Im neu verfassten SGB V § 315 ist folgendes dazu zu lesen:
(1) Personen, die weder
1. in der gesetzlichen Krankenversicherung versichert oder versicherungspflichtig sind,
2. über eine private Krankheitsvollversicherung verfügen,
3. einen Anspruch auf freie Heilfürsorge haben, beihilfeberechtigt sind oder vergleichbare Ansprüche haben,
4. Anspruch auf Leistungen nach dem Asylbewerberleistungsgesetz haben noch
5. Leistungen nach dem Dritten, Vierten, Sechsten und Siebten Kapitel des Zwölften Buches beziehen,
können bis zum 31. Dezember 2008 Versicherungsschutz im Standardtarif gemäß § 257 Abs. 2a verlangen; in den Fällen der Nummern 4 und 5 begründen Zeiten einer Unterbrechung des Leistungsbezugs von weniger als einem Monat keinen entsprechenden Anspruch. Der Antrag darf nicht abgelehnt werden. Die in § 257 Abs. 2a Nr. 2b genannten Voraussetzungen gelten für Personen nach Satz 1 nicht; Risikozuschläge dürfen für sie nicht verlangt werden. Abweichend von Satz 1 Nr. 3 können auch Personen mit Anspruch auf Beihilfe nach beamtenrechtlichen Grundsätzen, die bisher nicht über eine auf Ergänzung der Beihilfe beschränkte private Krankenversicherung verfügen und auch nicht freiwillig in der gesetzlichen Krankenversicherung versichert sind, eine die Beihilfe ergänzende Absicherung im Standardtarif gemäß § 257 Abs. 2a Nr. 2b verlangen.
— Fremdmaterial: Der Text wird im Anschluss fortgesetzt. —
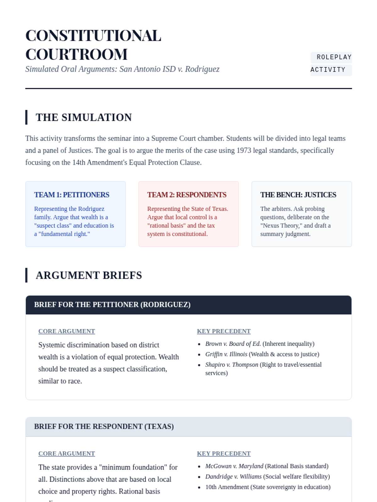 This lesson explores the landmark California Supreme Court case Serrano v. Priest (1971), which challenged the constitutionality of using local property taxes to fund public schools. Students will analyze the legal arguments for educational equity and the long-term impact on school finance in California.
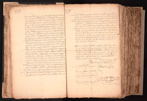 119 1118 Ende voldoeninghe vant geene voorsz. is, haerluijder transporte te doen, met ende op Conditien, dat d'van persoonen ende goederen roerende ende onroerende present Cornelis Claesz Derckel, ende Joffr. Margareta ende toecoomende egeen vandien wtgesondert, stellende sijne huijsvrouwe, ende naer haer beijden overlijden den deselve ten subjectie van allen heeren rechten ende haere kinderen, haer comparantes leven lanck geduij¬ rechteren, Versouckende aen handen mijns Notaris haer comparante in cost ende clederen, sullen moeten op hijer van gemaect, ende gelevert te werden acte houden gelijck d' voorn. Derckel ende sijne huijsvrou een ofte meer in debita forma, Aldus gedaen ver¬ nu ontrent anderhalff Jaeren aenden anderen ge¬ leeden ende gepasseert, ten huijse vande voorn. Corns. hebben, Doch soo sij comparante begeerde op een Claesz Derckel, staende op de hoochstraet te woonen, dat d'voorss. Cornelis claesz ende sij binnen deser steede, In presentie van Pieter gerritsz huijsvrouwe, Mitsgaders haere voorss. kinderen ende Crom, Adriaen Gijsbrechts, Arien Thomst kannetges Insgelix in cost ende clederen sullen onderhouden Mits dat het selve nyet en sal excederen ofte meer ende Joost Gerritsz gelooffwaerdige getuijgen tot bedraegen als de somme van hondert ende vyftich gul. desen versocht ende gebeeden Jaerlix, ende dat d'selve bovendien meede gehouden Ende alsoo de voorn. Anneken Arents dr. vermits sijn, als zij comparante soude moogen geraecken dees aere voorss. blintheijt verclaerde desen niet te comen werelt te overlyden, haer eerlijcken te doen begraeven teijkenen, Soo heeft de selffde mitsdien mij haer comparantes qualiteijt. Ende hebben d'voor Notario versocht desen in haeren name te willen Claes Darckel, ende Joffrouwe Margareta Coij teijkenen, t'welcke ick ten behulpe voorss. ende ten res¬ huijsvrouwe mede voor mij Notario ende getuijgen pecte van mijns dienstlevenden ampts met d'selve rerende, ende hun sterckmaeckende, ende responderen niet en hebben connen weijgeren voor de voorn. haere kinderen belooft ende belooven bij Een oirconde voor haer ende voor dezelve haeren erven ende nacomen A: Molswijck Nots. dvoorss. onderhoudinghe ende alimentatie te zullen Jan Kinder legitta Coij haer voorsz. Anneken Arents leven lanck geduijren ende oock na haer overlyden, haer eerlycken te doen bij mij Pieter Gerritssen krom Verbindende de voorss. Cornelisz Claesz Derckel Joff vrouwe Margareta Coij voornt. voorde naco¬ Jan Adrijaen Gisbersen gestelt een is tmerck Gerritsz Bij mij Arien Thoonis Joost voornt.
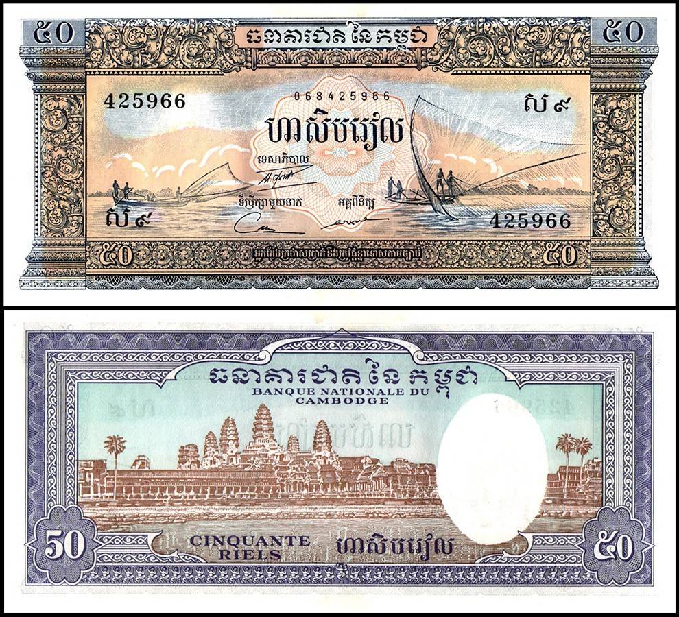 Cambodia 50 Riels Banknote 1972 ND P7d UNC Unique and Rare
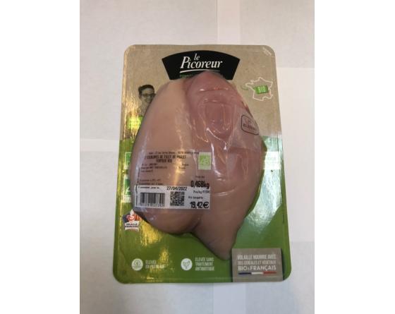 Escalope extra-fine de poulet Fermier Bio. Produit frais. Classe A
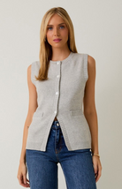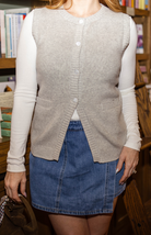 The Wilmington Sweater Vest is a timeless layering essential for your fall wardrobe. Made in a soft heather grey knit, it features a sleeveless silhouette with a classic crew neckline, button-front closure, and ribbed trim for a polished finish. Functional front pockets add a practical touch, while the slightly relaxed fit makes it versatile for styling on its own or layered over blouses and tees. Effortlessly chic, this vest transitions seamlessly from workday sophistication to casual weekend looks.

(2) Der Beitrag von im Standardtarif nach Absatz 1 versicherten Personen darf den durchschnittlichen Höchstbeitrag der gesetzlichen Krankenversicherung gemäß § 257 Abs. 2a Satz 1 Nr. 2 nicht überschreiten; die dort für Ehegatten oder Lebenspartner vorgesehene besondere Beitragsbegrenzung gilt für nach Absatz 1 versicherte Personen nicht. § 12 Abs. 1c Satz 4 bis 6 des Versicherungsaufsichtsgesetzes in der ab 1. Januar 2009 geltenden Fassung gilt für nach Absatz 1 im Standardtarif versicherte Personen entsprechend.

(3) Eine Risikoprüfung ist nur zulässig, soweit sie für Zwecke des finanziellen Spitzenausgleichs nach § 257 Abs. 2b oder für spätere Tarifwechsel erforderlich ist. Abweichend von § 257 Abs. 2b sind im finanziellen Spitzenausgleich des Standardtarifs für Versicherte nach Absatz 1 die Begrenzungen gemäß Absatz 2 sowie die durch das Verbot von Risikozuschlägen gemäß Absatz 1 Satz 3 auftretenden Mehraufwendungen zu berücksichtigen.

(4) Die gemäß Absatz 1 abgeschlossenen Versicherungsverträge im Standardtarif werden zum 1. Januar 2009 auf Verträge im Basistarif nach § 12 Abs. 1a des Versicherungsaufsichtsgesetzes umgestellt.]

Ohne Folgen bleibt die Gesundheitsprüfung

Auch für den Standardtarif wird die bei der jeweiligen Gesellschaft vorgesehene Gesundheitsprüfung durchgeführt, diese bleibt aber für den Interessenten ohne Folgen, denn die Aufnahme darf nicht verweigert noch durch Risikozuschläge oder Leistungsausschlüsse erschwert werden.
Die Gesundheitsprüfung ist allerdings notwendig, um den Risikostrukturausgleich vornehmen zu können, der ab 2009 zwischen den privaten Krankenversicherern vorgesehenen ist.

Die Nichtversicherten

Haben Sie sich eigentlich mal gefragt wo denn plötzlich die vielen Nichtversicherten herkommen?
Über Herrn Hartz habe ich ja schon geschrieben, nun sind die Hartzreformen wieder das Thema.
Die heute Nichtversicherten waren früher über die Sozialhilfe für die notwendige medizinische Versorgung abgedeckt, hier wurde allerdings die Bedürftigkeit und die finanzielle Situation der Familienangehörigen geprüft.
Mit den Hartzreformen wurde dieser Personenkreis zu Nichtversicherten die jetzt einen Anspruch auf die Versicherungsleistung haben.
Die Frage ist, ob die Mehrheit dieses Personenkreises, die mit der Krankenversicherung verbundenen Kosten überhaupt übernehmen kann. Meiner Ansicht nach wurde mit diesen Gesetzen die Sozialhilfe auf Kosten der gesetzlich und privat Versicherten entlastet.